Апполоний вскинул голову и гордо посмотрел на Леонида.

— Ты раскрыл мою тайну. Но вы не можете убить меня. Душа моя лишь покинет свое временное жилище и переместится в новорожденного человека. И тот, другой, осуществит то, что я не мог воплотить в этой жизни. Мои друзья, которые жаждут боя с вами, также обречены на смерть. Я это вижу.

Но и они не умрут. Их души обретут спокойствие, едва лишь они покинут тела, ежедневно подвергавшиеся мучениям. Но над душой ничто не властно.

Аквилла сделал знак рукой. Из шеренги легионеров вышел широкоплечий бородач с мечом в руке. Он не спеша подошел к Муске. Леонид сказал Апполонию:

— Когда перед смертью ваш дружок Эней сказал мне: «Ты ловишь мух, Аквила», я успел ему ответить, так как он уже отправился на тот свет. Но вот тебе я могу предать то, что я хотел возразить ему. Я подумал тогда, а ведь одну муху я все-таки поймал. А вот и вторая муха прилетела ко мне.

— Леонид горько усмехнулся, — орел не ловит мух, но иногда ему приходится это делать.

Бородач сделал шаг вперед и со всей силы вонзил меч в живот Апполония. Затем дернул оружие вверх, распарывая внутренности. Муска дернулся и закатил глаза к небу, бесшумно повалился навзничь. Смерть была быстрой. Раба, который сопровождал Муску, отправили обратно бунтовщикам. Легат уже не ждал, чтобы мятежник сложили оружие. Он только на время отклонил начало атаки, и когда со стороны противника не было получено известий о прекращении сопротивления, Леонид приказал дать сигнал.

Во время наступления конницу решено было пустить в ход только на крайний случай. Ставки делалась на пехоту, не легко вооруженных воинов.

Среди мятежников началась легкая паника, когда было получено известие, принесенное спутником Апполония. Но начавшееся брожение успокоил Британец. Головным отрядом теперь руководил Валерий сам, по собственной инициативе, принявший командование в центре мятежного войска.

Римляне шли сомкнутыми рядами, выставив вперед длинные копья и защищаясь белыми щитами.
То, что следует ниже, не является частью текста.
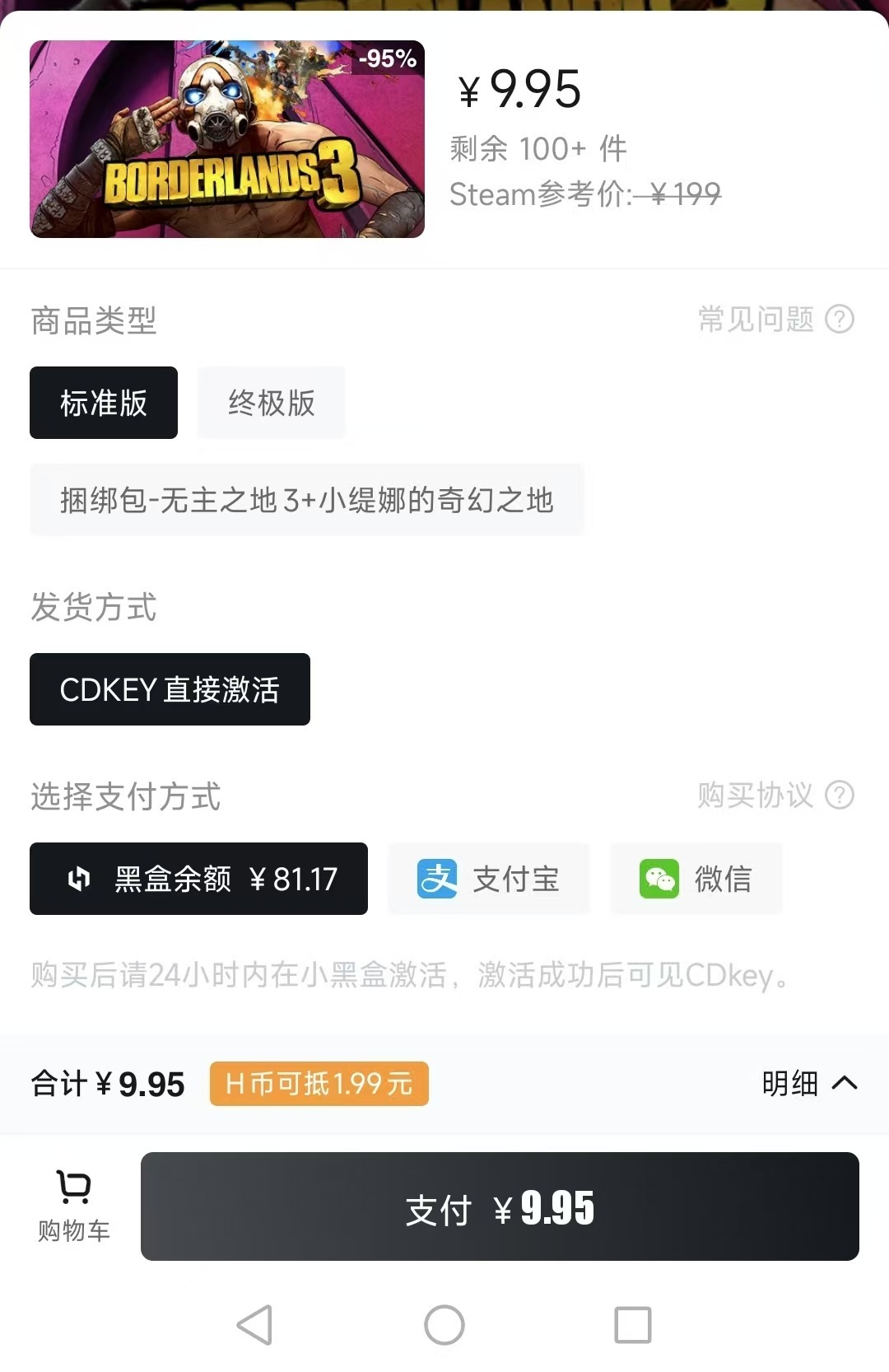 《无主之地3》标准版,原价199元,小黑盒现只需9.95元,折扣为-95%OFF

В мятежников полетели дротики и пилумы, которые на расстоянии в семьдесят метров могли пробить щит. Но обороняющиеся выкатили вперед на колесах деревянные башенки, за которыми можно было укрыться от града копий.
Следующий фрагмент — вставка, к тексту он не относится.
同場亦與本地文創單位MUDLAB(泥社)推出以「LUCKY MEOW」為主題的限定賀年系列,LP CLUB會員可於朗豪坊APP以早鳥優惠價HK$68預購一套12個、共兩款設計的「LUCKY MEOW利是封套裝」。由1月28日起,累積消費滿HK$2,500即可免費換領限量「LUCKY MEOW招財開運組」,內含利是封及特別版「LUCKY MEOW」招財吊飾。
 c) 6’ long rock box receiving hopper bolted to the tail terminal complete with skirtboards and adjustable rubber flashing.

Когда до бунтовщиков осталось с полсотни метров, легионеры, разделившись на три группы, побежали в атаку.

Через несколько секунд началась битва. На левом фланге обороны, которой командовал молодой юноша по имени Гаррон, легионеры бились с отрядом, который составляли в основном рабы, находившиеся ранее в рабстве у Фабии.

Черные нубийцы сражались бок о бок с проворными испанцами, коренастыми галлами и воинственными парфянами.

Бой был бескомпромиссен. Противники были равны по силам. Профессионализм легионеров уравновешивался отвагой и безрассудным отчаянием мятежников.

Некоторые, потеряв мечи и оставив в стороне шлемы, сражались в рукопашную. У самого края моста вцепившись друг в друга бились римлянин и раб. Дрались упорно.

Со стороны трудно было отличить, кто был легионер, а кто — мятежник. Они даже были чем-то схожи между собой. Но один был квирит, — свободный гражданин, а другой раб. Никто не хотел уступать. Глаза у каждого горели жаждой смерти другого. Оступившийся парфян, не желая расставаться со своим врагом, полетел вместе с ним в воду, и уже там, на дне реки, два неприятеля продолжали борьбу, но уже в другом мире. К римлянам подоспело подкрепление.

Натиск легионеров усилился. Некоторые мятежники, в основном малодушные и трусливые от природы, не выдержав тяжести боя, бросались в воду или же поворачивали к храму Юпитера в надежде найти там спасение. Но спасались единицы. Раненые, не обращая внимания на боль, на бессилие, на страх бились самоотверженно.

Лишь война обнажает все дикие инстинкты человека. Жестокость была чудовищной. Тех, кто уже не мог держать оружие в руках, беспощадно резали и кололи мечами, пронзали копьями. И легионеры, и мятежники были одинаково ненасытны в своей жажде крови, залившей все поле битвы. Даже мраморные статуи из белых становились алыми.

Римлян было больше, но мятежники с упорством, достойным восхищения, стойко держались. Легионеры были опытней и выносливей в бою, но восставшие бились за свободу. В толпе, среди своих и врагов, сражался Валерий. Меч выскальзывал из потных рук, на губах осела соль. Дыхание было частым и хриплым. Думал ли юный патриций, что когда-нибудь он будет сражаться вместе со своими рабами против сородичей. Но жизнь преподнесла необычный подарок. Судьба распорядилась по другому, и ее уже нельзя изменить.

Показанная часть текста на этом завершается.